** Aim of the task **
Each record below is to be retyped exactly, with its pictures omitted.

++++++++++++++++++++

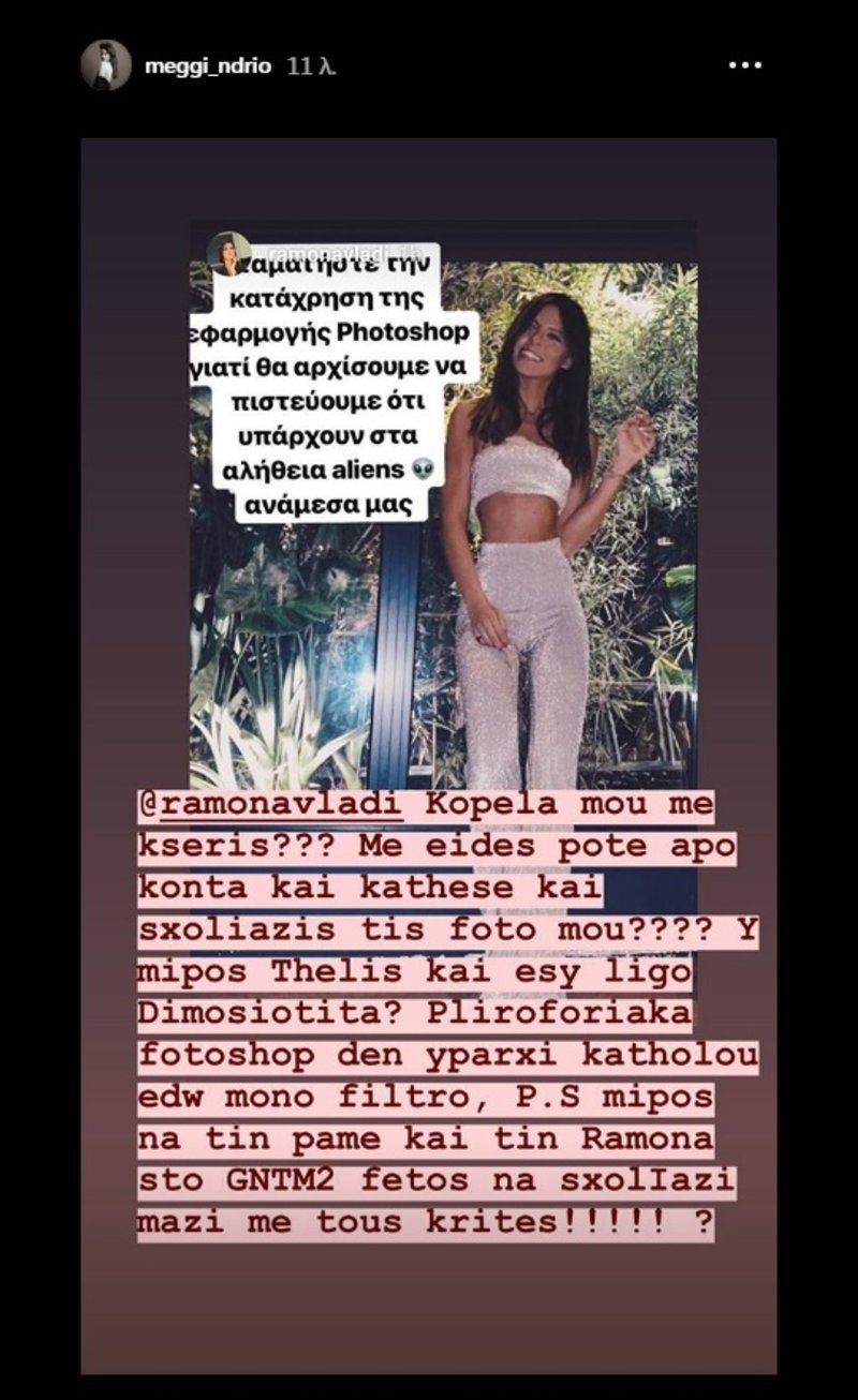 Η νικήτρια του My Style Rocks 1, που έχει δείξει να μην μασά τα λόγια της και διαφωνούσε συνεχώς με τους κριτές, ανέβασε σε story της φωτογραφία της Μέγκι Ντρίο, υπονοώντας πως κάνει photoshop. «Σταματήστε την κατάχρηση της εφαρμογής Photoshop γιατί θα αρχίσουμε να πιστεύουμε ότι υπάρχουν στα αλήθεια aliens ανάμεσα μας», έγραψε η Ραμόνα Βλαντή.
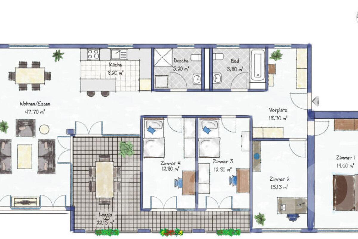Mit rund 144 m² Wohnfläche und einer grossen, gedeckten Loggia von ca. 22 m² bietet die Wohnung viel Raum für komfortables Wohnen, Arbeiten und Entspannen. Der Wohn- und Essbereich ist klar gegliedert und schafft eine angenehme Trennung zwischen Wohnen und Essen. Die grosszügige Küche ist optimal beim Essbereich positioniert und bietet ausreichend Arbeits- und Stauraum.
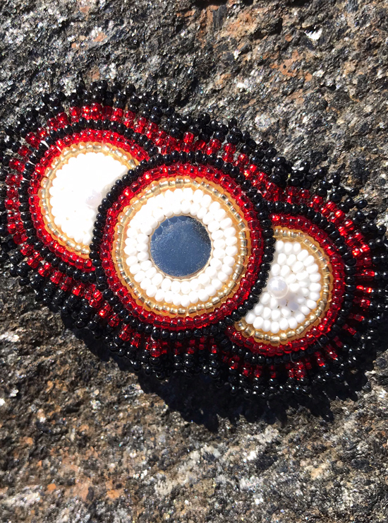 These barrettes will liven up your look. Crafted by an Ojibway artisan in Ontario, each is unique – what a beautiful way to accessorize your hair. They measure 3.25″ wide x 2″ wide (8 cm x 5 cm).
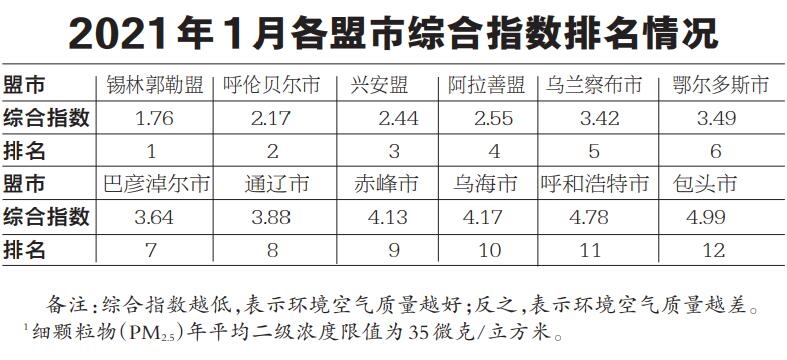 內(nèi)蒙古生態(tài)環(huán)境廳公布2021年1月全區(qū)環(huán)境空氣質(zhì)量狀況
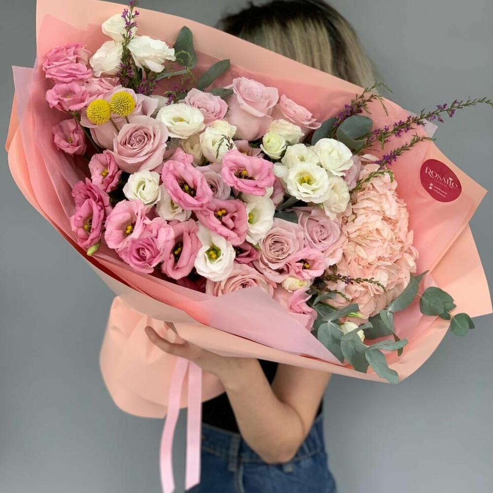 Гвоздики, Кустовые розы, Лизиантусы, Пионовидные розы, Розы
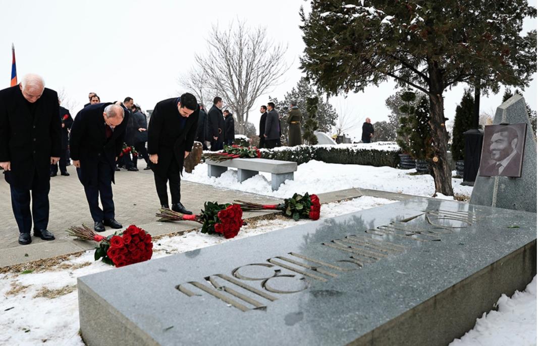 Selon le service de presse du gouvernement, Pashinyan a déposé des fleurs sur les tombes de Vazgen Sargsyan et du général Andranik Ozanian, ainsi qu'une couronne au mémorial dédié à la mémoire des combattants tombés pour la liberté.
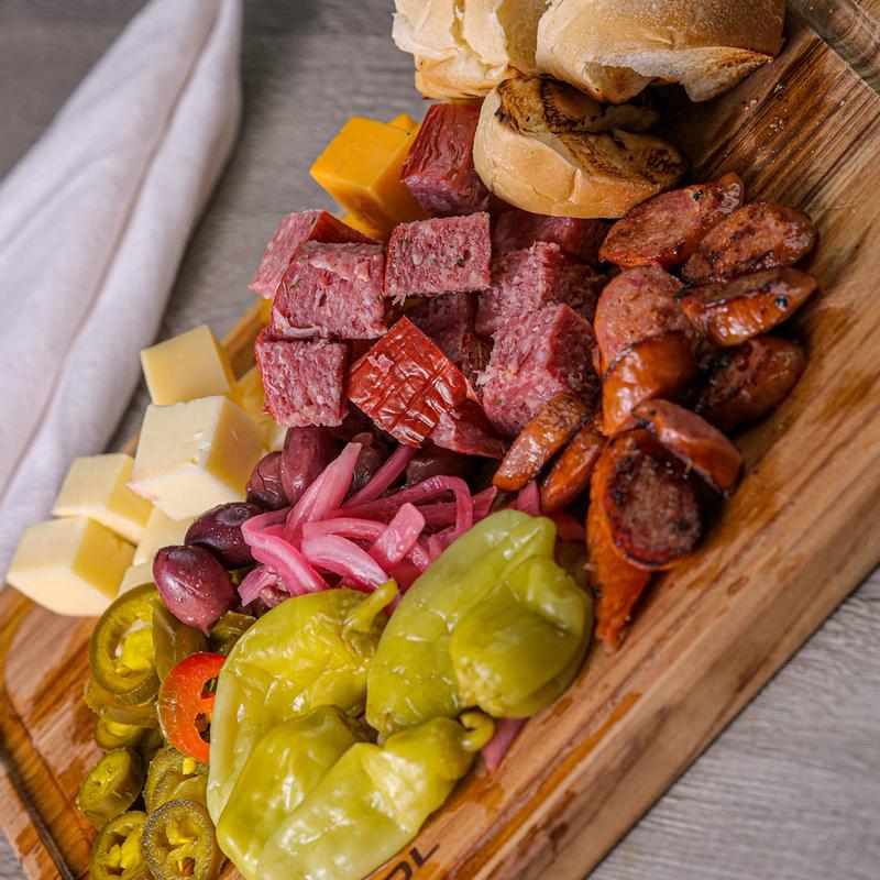 House-made with Flatbed crackers, chopped red onion, capers, bread
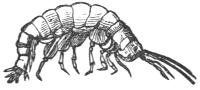 - 14. Cyclops, magnified, showing egg-sacs.
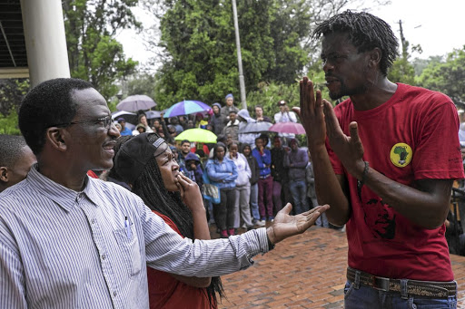 October 21, 2015. Dr Sizwe Mabizela, Vice Chancellor of Rhodes University tries to comfort 2016 incumbent SRC Vice-President Sizwe Dlomo after he is booed off the microphone for making unpopular statements during the “Fees must fall campaign” across the country. Johannesburg. Picture: Daylin Paul
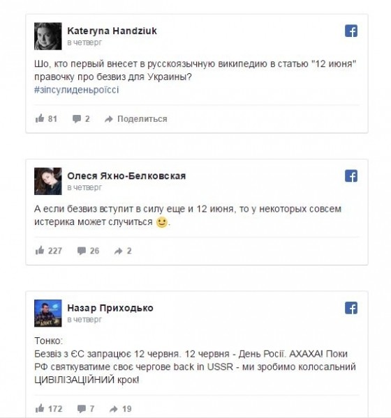 Странно было видеть в статье и то, что русские якобы язвительно отреагировали на получение безвиза Украиной, хотя на самом же деле реакция была вполне адекватной. Нам просто все равно, получили и получили. Молодцы. Скорее сами украинцы иронизировали и высказывались в адрес России нелестно.
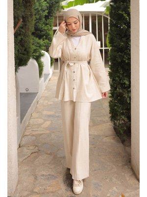 İmaj Butik Taş Bel Kuşaklı Keten Tunik Pantolonlu Takım
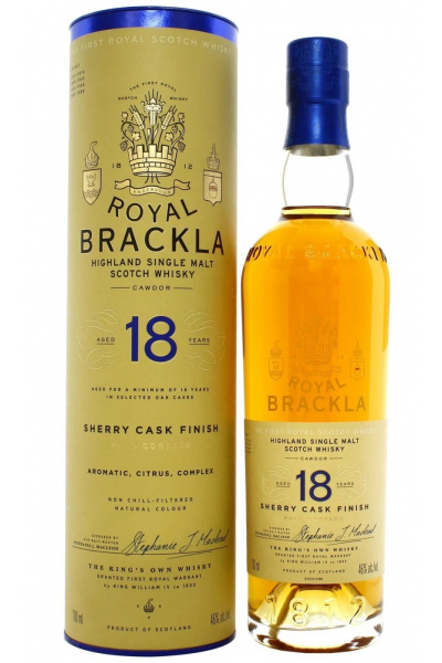 Royal Brackla 18 years old is een goudkleurige single malt whisky afkomstig uit de regio Highland in Schotland. De whisky heeft minimaal 18 jaar mogen rijpen op eikenhouten vaten en heeft vervolgens nog een finish op sherry vaten gehad. Het aroma die in de neus naar bovenkomt, is licht zuur met tonen van citrus en honing gevolgd door noten en amandelen. Je proeft een fruitige smaak met tonen van citrus en mandarijn gepaard met kruiden en exotische vruchten. De afdronk is middellang met tonen van citrus en sherry in combinatie met noten. Hij heeft een alcoholpercentage van 46%.
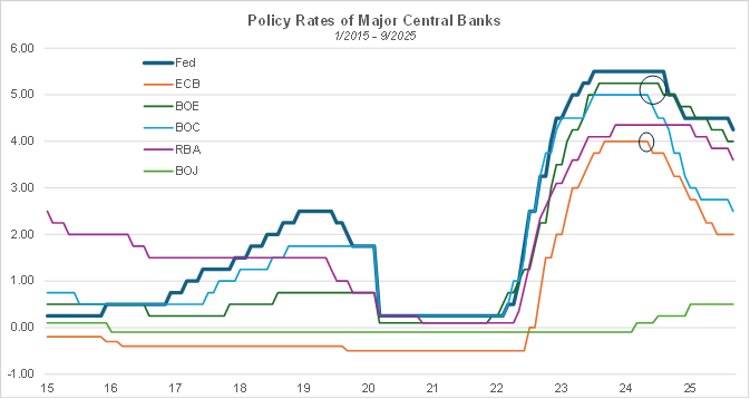 The latest FOMC meeting went pretty much as expected. Given the 2018 precedent, it was conceivable that Jay Powell would cave to the intense political pressure he was facing from the administration and make a 50-bps cut to pre-empt economic weakness that was conveyed by the latest payroll numbers, but he opted instead for a widely expected 25 bps “risk management” cut. As a chairman on his way out, he probably doesn’t want to rock the boat. In the current monetary policy cycle, it appears the Fed is behind the curve compared to the ECB, which has been able to get back to the 2% inflation target. To Jay Powell’s defense, there seems to be a US specific issue with inflation remaining well above target despite tight monetary policy, but in the current fiscal dominance regime, the likely culprit is excessive government spending. By keeping rates at a relatively high level, he can avoid being blamed for a potential resurgence in inflation that wouldn’t be his fault.

++++++++++++++++++++

** Written answer **
 Η νικήτρια του My Style Rocks 1, που έχει δείξει να μην μασά τα λόγια της και διαφωνούσε συνεχώς με τους κριτές, ανέβασε σε story της φωτογραφία της Μέγκι Ντρίο, υπονοώντας πως κάνει photoshop. «Σταματήστε την κατάχρηση της εφαρμογής Photoshop γιατί θα αρχίσουμε να πιστεύουμε ότι υπάρχουν στα αλήθεια aliens ανάμεσα μας», έγραψε η Ραμόνα Βλαντή.
Mit rund 144 m² Wohnfläche und einer grossen, gedeckten Loggia von ca. 22 m² bietet die Wohnung viel Raum für komfortables Wohnen, Arbeiten und Entspannen. Der Wohn- und Essbereich ist klar gegliedert und schafft eine angenehme Trennung zwischen Wohnen und Essen. Die grosszügige Küche ist optimal beim Essbereich positioniert und bietet ausreichend Arbeits- und Stauraum.
 These barrettes will liven up your look. Crafted by an Ojibway artisan in Ontario, each is unique – what a beautiful way to accessorize your hair. They measure 3.25″ wide x 2″ wide (8 cm x 5 cm).
 內(nèi)蒙古生態(tài)環(huán)境廳公布2021年1月全區(qū)環(huán)境空氣質(zhì)量狀況
 Гвоздики, Кустовые розы, Лизиантусы, Пионовидные розы, Розы
 Selon le service de presse du gouvernement, Pashinyan a déposé des fleurs sur les tombes de Vazgen Sargsyan et du général Andranik Ozanian, ainsi qu'une couronne au mémorial dédié à la mémoire des combattants tombés pour la liberté.
 House-made with Flatbed crackers, chopped red onion, capers, bread
 - 14. Cyclops, magnified, showing egg-sacs.
 October 21, 2015. Dr Sizwe Mabizela, Vice Chancellor of Rhodes University tries to comfort 2016 incumbent SRC Vice-President Sizwe Dlomo after he is booed off the microphone for making unpopular statements during the “Fees must fall campaign” across the country. Johannesburg. Picture: Daylin Paul
 Странно было видеть в статье и то, что русские якобы язвительно отреагировали на получение безвиза Украиной, хотя на самом же деле реакция была вполне адекватной. Нам просто все равно, получили и получили. Молодцы. Скорее сами украинцы иронизировали и высказывались в адрес России нелестно.
 İmaj Butik Taş Bel Kuşaklı Keten Tunik Pantolonlu Takım
 Royal Brackla 18 years old is een goudkleurige single malt whisky afkomstig uit de regio Highland in Schotland. De whisky heeft minimaal 18 jaar mogen rijpen op eikenhouten vaten en heeft vervolgens nog een finish op sherry vaten gehad. Het aroma die in de neus naar bovenkomt, is licht zuur met tonen van citrus en honing gevolgd door noten en amandelen. Je proeft een fruitige smaak met tonen van citrus en mandarijn gepaard met kruiden en exotische vruchten. De afdronk is middellang met tonen van citrus en sherry in combinatie met noten. Hij heeft een alcoholpercentage van 46%.
 The latest FOMC meeting went pretty much as expected. Given the 2018 precedent, it was conceivable that Jay Powell would cave to the intense political pressure he was facing from the administration and make a 50-bps cut to pre-empt economic weakness that was conveyed by the latest payroll numbers, but he opted instead for a widely expected 25 bps “risk management” cut. As a chairman on his way out, he probably doesn’t want to rock the boat. In the current monetary policy cycle, it appears the Fed is behind the curve compared to the ECB, which has been able to get back to the 2% inflation target. To Jay Powell’s defense, there seems to be a US specific issue with inflation remaining well above target despite tight monetary policy, but in the current fiscal dominance regime, the likely culprit is excessive government spending. By keeping rates at a relatively high level, he can avoid being blamed for a potential resurgence in inflation that wouldn’t be his fault.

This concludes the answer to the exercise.